Task statement
Please restate, exactly, only the lines from the beginning of the listing below through the line containing "Sạc LG 65W 3.25A", with the pictures left out.

Data below
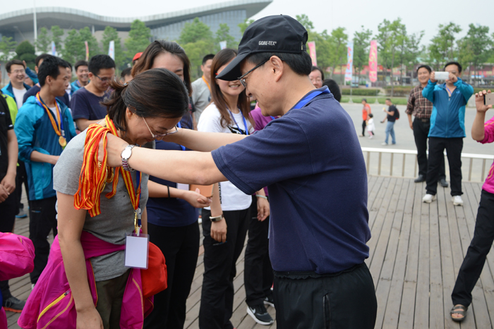 9點(diǎn)30分,健步走活動(dòng)開(kāi)始。40多分鐘后,60多名黨員干部一個(gè)不拉地走過(guò)終點(diǎn)。王耀等部領(lǐng)導(dǎo)分別給獲得男女前10名的同志頒獎(jiǎng)。
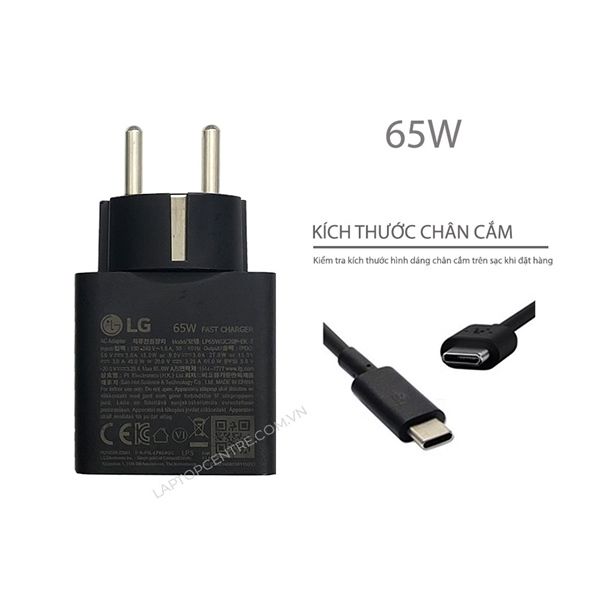 Sạc LG 65W 3.25A 20V LP65WGC20P-EK B chân USB C Vuông màu Đen Kèm dây USB C (ORG +)
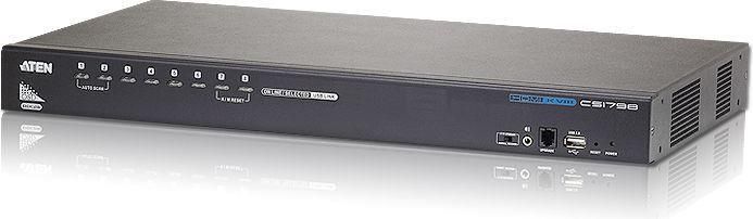 8-portowy przełącznik KVM USB HDMI/Audio CS1798 Obsługa połączeń kaskadowych do trzech poziomów i sterowania nawet 512 komputerami Funkcja Multi-Display - możliwość połączenia do ośmiu modułów CS1798 i wyświetlania obrazu z nawet ośmiu monitorów (tryb dwóch monitorów / trzech monitorów / czterech monitorów / wielu monitorów) Video DynaSync - specjalna technologia ATEN, która eliminuje problemy z wyświetlaniem podczas rozruchu i optymalizuje rozdzielczość podczas przełączania między portami Obsługa dźwięku - pełne pasmo przenoszenia tonów niskich, zapewniające dobrą jakość w systemach stereofonicznych w układzie 2.1 8-portowy przełącznik CS1798 jest uniwersalnym urządzeniem, zapewniającym konsolidację dostępu i sterowanie maks. 8 komputerami HDMI z poziomu jednej konsoli obejmującej klawiaturę USB, mysz USB i monitor. Urządzenie CS1798 można łączyć kaskadowo aż do trzech poziomów - w celu sterowania nawet 512 komputerami wszystko to przy użyciu jednej konsoli. Ponadto przełącznik CS1798 wyposażono w funkcję Multi-Display, która umożliwia połączenie za pomocą standardowych przewodów USB do ośmiu przełączników i uzyskanie wielomonitorowej instalacji, gdzie każdy komputer jest wyposażony w wiele kart graficznych. W ten sposób można zestawiać, analizować i monitorować wyjścia wizyjne w wygodny sposób, znacznie upraszczając środowisko pracy. Ponadto urządzenie CS1798 jest wyposażone w funkcję menu ekranowego (OSD) firmy ATEN z dostępem do dowolnego komputera w ramach danej instalacji. Menu ekranowe umożliwia także tworzenie kopii, zapisywanie i - w razie konieczności - przywracanie ustawień OSD. Urządzenie CS1798 zapewnia obsługę klawiatur multimedialnych oraz dźwięku. Możliwe jest odsłuchiwanie wyjścia audio z każdego komputera na dwóch zestawach głośników (w danym czasie obsługiwany jest tylko jeden taki zestaw). Funkcje Możliwość sterowania nawet ośmioma komputerami z interfejsem HDMI i dwoma dodatkowymi urządzeniami USB 2.0 z jednej konsoli USB Zgodność ze standardem HDMI Obsługa połączeń kaskadowych do trzech poziomów i sterowania nawet 512 komputerami Funkcja Multi-Display - możliwość połączenia do ośmiu modułów CS1798 i wyświetlania obrazu z nawet ośmiu monitorów (tryb dwóch monitorów / trzech monitorów / czterech monitorów / wielu monitorów) Wbudowany 2-portowy koncentrator USB 2.0 Wybór komputera za pomocą przycisków na panelu przednim, skrótów klawiszowych oraz wielojęzycznego menu ekranowego (OSD) Niezależne przełączanie aktywnych urządzeń: KVM i USB Funkcja tworzenia kopii zapasowych / przywracania przez menu ekranowe - administrator może utworzyć kopię zapasową konfiguracji przełącznika i profilu użytkownika Możliwość uaktualnienia oprogramowania sprzętowego Video DynaSync - specjalna technologia ATEN, która eliminuje problemy z wyświetlaniem podczas rozruchu i optymalizuje rozdzielczość podczas przełączania między portami Bardzo wysoka jakość grafiki - obsługa rozdzielczości do 1080p / 1920 x 1200 przy 60 Hz Obsługa rozdzielczości panoramicznych Obsługa dźwięku - pełne pasmo przenoszenia tonów niskich, zapewniające dobrą jakość w systemach stereofonicznych w układzie 2.1 Gniazda audio w konsoli na panelu przednim, zapewniające łatwy dostęp Tryb Auto Scan umożliwiający monitorowanie wszystkich komputerów Kompatybilność z normą HDCP Obsługa wielu platform: Windows, Linux, Mac, Sun Emulacja/obejście portu myszy konsoli - obsługa większości funkcji sterownika myszy oraz myszy wielofunkcyjnych Kompletna emulacja klawiatury, zapewniająca rozruch systemów bez zgłaszania błędów Obsługa i emulacja klawiatury Mac/Sun Menu ekranowe w różnych językach: angielski, niemiecki, japoński, chiński tradycyjny, chiński uproszczony, hiszpański, rosyjski i francuski Mapowanie klawiatur w różnych językach - angielski (amerykański), angielski (brytyjski), niemiecki (germański), niemiecki (szwajcarski), francuski, węgierski, włoski, japoński, koreański, rosyjski, hiszpański, szwedzki, chiński tradycyjny i chiński uproszczony Obsługa hot-plugging

Solution for this task
 9點(diǎn)30分,健步走活動(dòng)開(kāi)始。40多分鐘后,60多名黨員干部一個(gè)不拉地走過(guò)終點(diǎn)。王耀等部領(lǐng)導(dǎo)分別給獲得男女前10名的同志頒獎(jiǎng)。
 Sạc LG 65W 3.25A 20V LP65WGC20P-EK B chân USB C Vuông màu Đen Kèm dây USB C (ORG +)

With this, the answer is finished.